::: PROVIDED MATERIAL :::
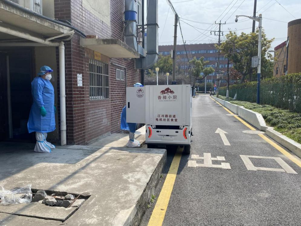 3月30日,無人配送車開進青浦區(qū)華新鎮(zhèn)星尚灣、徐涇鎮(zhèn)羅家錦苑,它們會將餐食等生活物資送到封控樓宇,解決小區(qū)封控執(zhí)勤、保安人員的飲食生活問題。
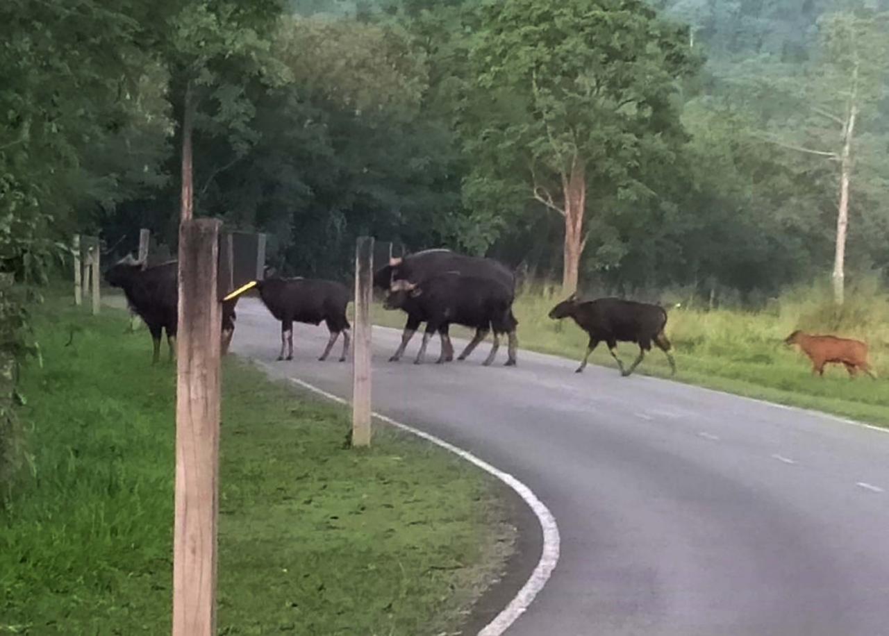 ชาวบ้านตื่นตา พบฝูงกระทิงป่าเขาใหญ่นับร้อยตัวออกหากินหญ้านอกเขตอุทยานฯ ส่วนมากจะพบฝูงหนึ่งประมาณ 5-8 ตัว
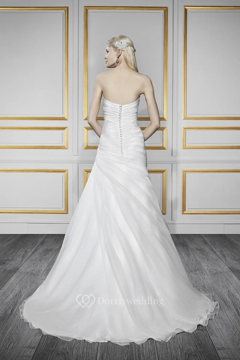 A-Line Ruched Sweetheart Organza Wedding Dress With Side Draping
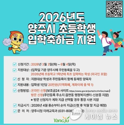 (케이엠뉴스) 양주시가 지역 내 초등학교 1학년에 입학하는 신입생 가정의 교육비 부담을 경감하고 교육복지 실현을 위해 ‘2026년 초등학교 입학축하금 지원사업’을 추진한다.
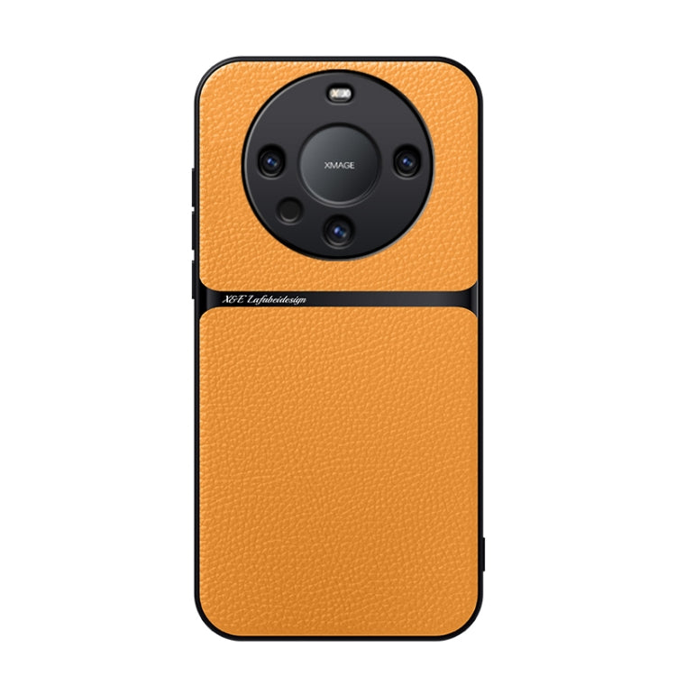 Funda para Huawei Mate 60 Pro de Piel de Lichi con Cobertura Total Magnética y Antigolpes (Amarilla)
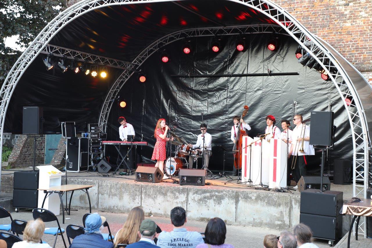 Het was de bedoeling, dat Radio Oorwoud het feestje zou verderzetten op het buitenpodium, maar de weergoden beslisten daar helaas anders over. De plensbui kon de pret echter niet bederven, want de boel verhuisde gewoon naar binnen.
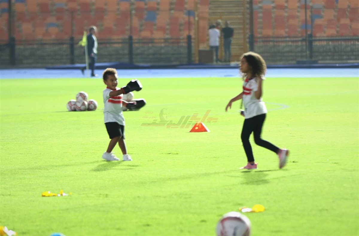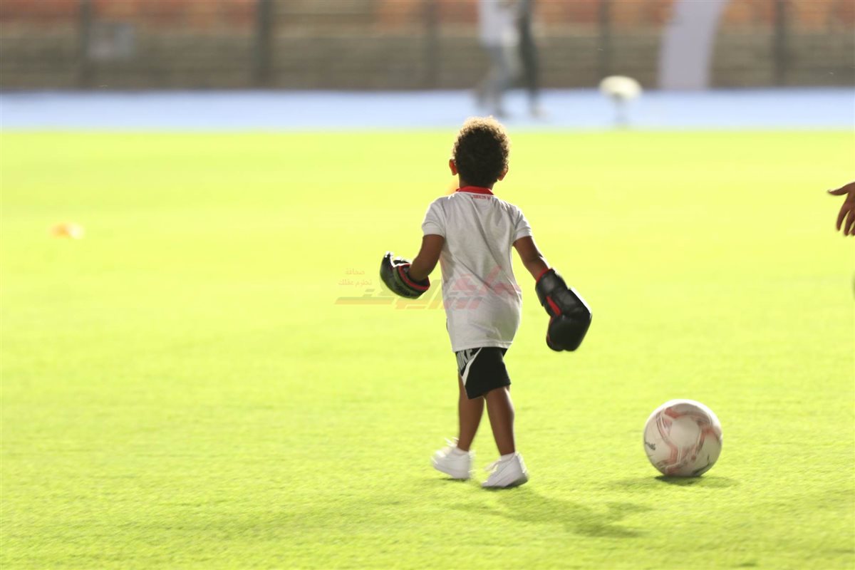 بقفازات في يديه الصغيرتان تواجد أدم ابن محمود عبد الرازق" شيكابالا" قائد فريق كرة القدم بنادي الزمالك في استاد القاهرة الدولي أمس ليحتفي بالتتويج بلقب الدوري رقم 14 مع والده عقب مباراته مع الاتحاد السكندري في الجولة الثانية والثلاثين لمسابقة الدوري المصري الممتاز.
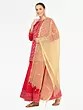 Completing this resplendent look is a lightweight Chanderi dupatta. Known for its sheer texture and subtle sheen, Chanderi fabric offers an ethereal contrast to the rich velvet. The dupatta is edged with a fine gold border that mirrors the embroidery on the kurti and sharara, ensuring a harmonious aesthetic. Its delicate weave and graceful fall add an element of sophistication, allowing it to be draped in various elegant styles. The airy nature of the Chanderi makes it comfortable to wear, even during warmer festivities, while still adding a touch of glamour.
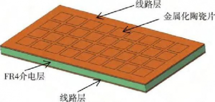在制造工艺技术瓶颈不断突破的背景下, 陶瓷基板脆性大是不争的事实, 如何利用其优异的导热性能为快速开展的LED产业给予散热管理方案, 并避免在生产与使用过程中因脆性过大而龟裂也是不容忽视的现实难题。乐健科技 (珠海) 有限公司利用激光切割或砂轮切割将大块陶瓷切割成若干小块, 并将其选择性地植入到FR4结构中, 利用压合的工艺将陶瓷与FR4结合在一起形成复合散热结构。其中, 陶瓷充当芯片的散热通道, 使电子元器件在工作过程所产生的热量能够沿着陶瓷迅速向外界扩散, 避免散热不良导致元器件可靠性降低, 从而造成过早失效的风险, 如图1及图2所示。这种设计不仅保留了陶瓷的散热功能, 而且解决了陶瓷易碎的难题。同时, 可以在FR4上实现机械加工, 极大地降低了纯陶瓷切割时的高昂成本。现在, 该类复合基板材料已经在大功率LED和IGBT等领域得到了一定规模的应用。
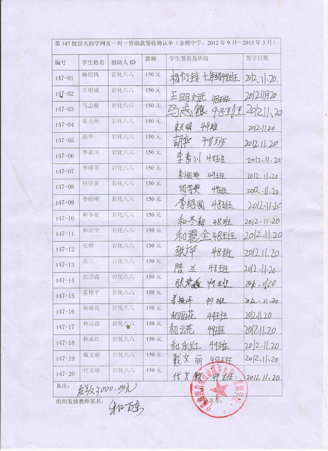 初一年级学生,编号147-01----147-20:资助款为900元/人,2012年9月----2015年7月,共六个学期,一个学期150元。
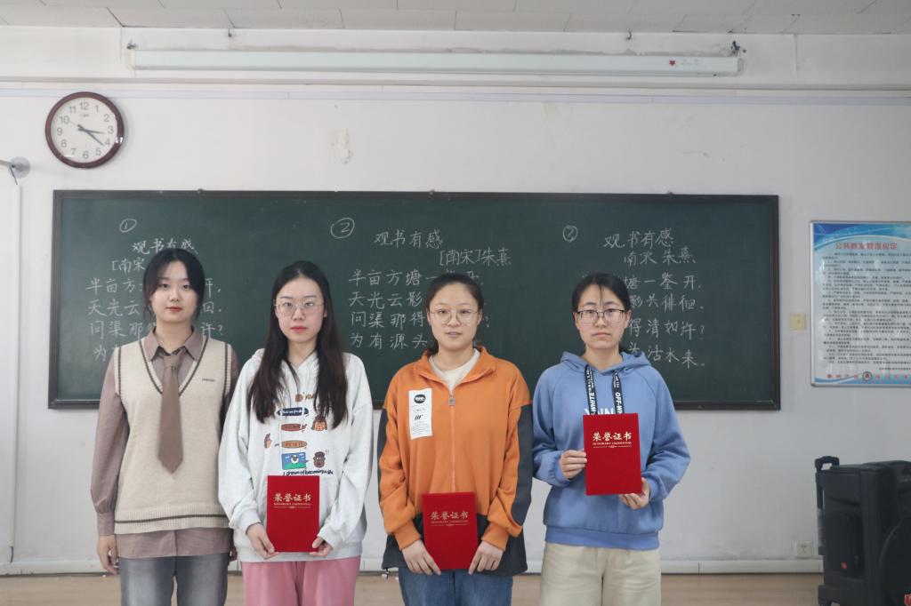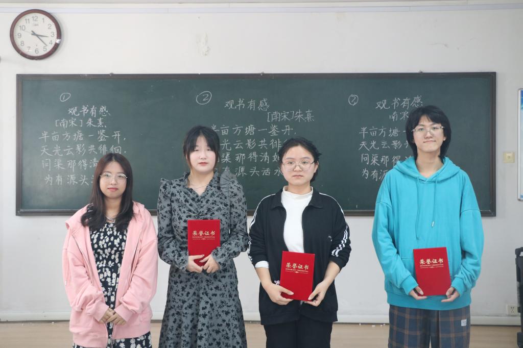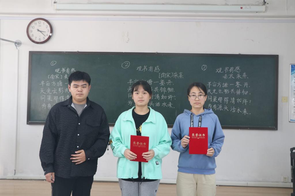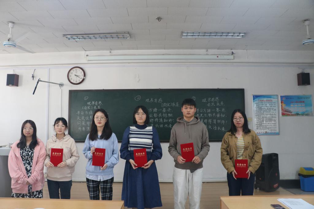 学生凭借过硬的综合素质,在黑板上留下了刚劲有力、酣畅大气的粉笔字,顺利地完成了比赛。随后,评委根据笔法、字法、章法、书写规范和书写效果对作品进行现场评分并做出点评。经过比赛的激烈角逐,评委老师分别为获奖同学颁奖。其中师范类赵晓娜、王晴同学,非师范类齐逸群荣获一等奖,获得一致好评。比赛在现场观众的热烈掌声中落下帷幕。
:::
WHAT TO PRODUCE -> Provide the listing above once more, exactly, with the pictures removed.

ANSWER FOR THIS EXERCISE ->
 3月30日,無人配送車開進青浦區(qū)華新鎮(zhèn)星尚灣、徐涇鎮(zhèn)羅家錦苑,它們會將餐食等生活物資送到封控樓宇,解決小區(qū)封控執(zhí)勤、保安人員的飲食生活問題。
 ชาวบ้านตื่นตา พบฝูงกระทิงป่าเขาใหญ่นับร้อยตัวออกหากินหญ้านอกเขตอุทยานฯ ส่วนมากจะพบฝูงหนึ่งประมาณ 5-8 ตัว
 A-Line Ruched Sweetheart Organza Wedding Dress With Side Draping
 (케이엠뉴스) 양주시가 지역 내 초등학교 1학년에 입학하는 신입생 가정의 교육비 부담을 경감하고 교육복지 실현을 위해 ‘2026년 초등학교 입학축하금 지원사업’을 추진한다.
 Funda para Huawei Mate 60 Pro de Piel de Lichi con Cobertura Total Magnética y Antigolpes (Amarilla)
 Het was de bedoeling, dat Radio Oorwoud het feestje zou verderzetten op het buitenpodium, maar de weergoden beslisten daar helaas anders over. De plensbui kon de pret echter niet bederven, want de boel verhuisde gewoon naar binnen.
 بقفازات في يديه الصغيرتان تواجد أدم ابن محمود عبد الرازق" شيكابالا" قائد فريق كرة القدم بنادي الزمالك في استاد القاهرة الدولي أمس ليحتفي بالتتويج بلقب الدوري رقم 14 مع والده عقب مباراته مع الاتحاد السكندري في الجولة الثانية والثلاثين لمسابقة الدوري المصري الممتاز.
 Completing this resplendent look is a lightweight Chanderi dupatta. Known for its sheer texture and subtle sheen, Chanderi fabric offers an ethereal contrast to the rich velvet. The dupatta is edged with a fine gold border that mirrors the embroidery on the kurti and sharara, ensuring a harmonious aesthetic. Its delicate weave and graceful fall add an element of sophistication, allowing it to be draped in various elegant styles. The airy nature of the Chanderi makes it comfortable to wear, even during warmer festivities, while still adding a touch of glamour.
在制造工艺技术瓶颈不断突破的背景下, 陶瓷基板脆性大是不争的事实, 如何利用其优异的导热性能为快速开展的LED产业给予散热管理方案, 并避免在生产与使用过程中因脆性过大而龟裂也是不容忽视的现实难题。乐健科技 (珠海) 有限公司利用激光切割或砂轮切割将大块陶瓷切割成若干小块, 并将其选择性地植入到FR4结构中, 利用压合的工艺将陶瓷与FR4结合在一起形成复合散热结构。其中, 陶瓷充当芯片的散热通道, 使电子元器件在工作过程所产生的热量能够沿着陶瓷迅速向外界扩散, 避免散热不良导致元器件可靠性降低, 从而造成过早失效的风险, 如图1及图2所示。这种设计不仅保留了陶瓷的散热功能, 而且解决了陶瓷易碎的难题。同时, 可以在FR4上实现机械加工, 极大地降低了纯陶瓷切割时的高昂成本。现在, 该类复合基板材料已经在大功率LED和IGBT等领域得到了一定规模的应用。
 初一年级学生,编号147-01----147-20:资助款为900元/人,2012年9月----2015年7月,共六个学期,一个学期150元。
 学生凭借过硬的综合素质,在黑板上留下了刚劲有力、酣畅大气的粉笔字,顺利地完成了比赛。随后,评委根据笔法、字法、章法、书写规范和书写效果对作品进行现场评分并做出点评。经过比赛的激烈角逐,评委老师分别为获奖同学颁奖。其中师范类赵晓娜、王晴同学,非师范类齐逸群荣获一等奖,获得一致好评。比赛在现场观众的热烈掌声中落下帷幕。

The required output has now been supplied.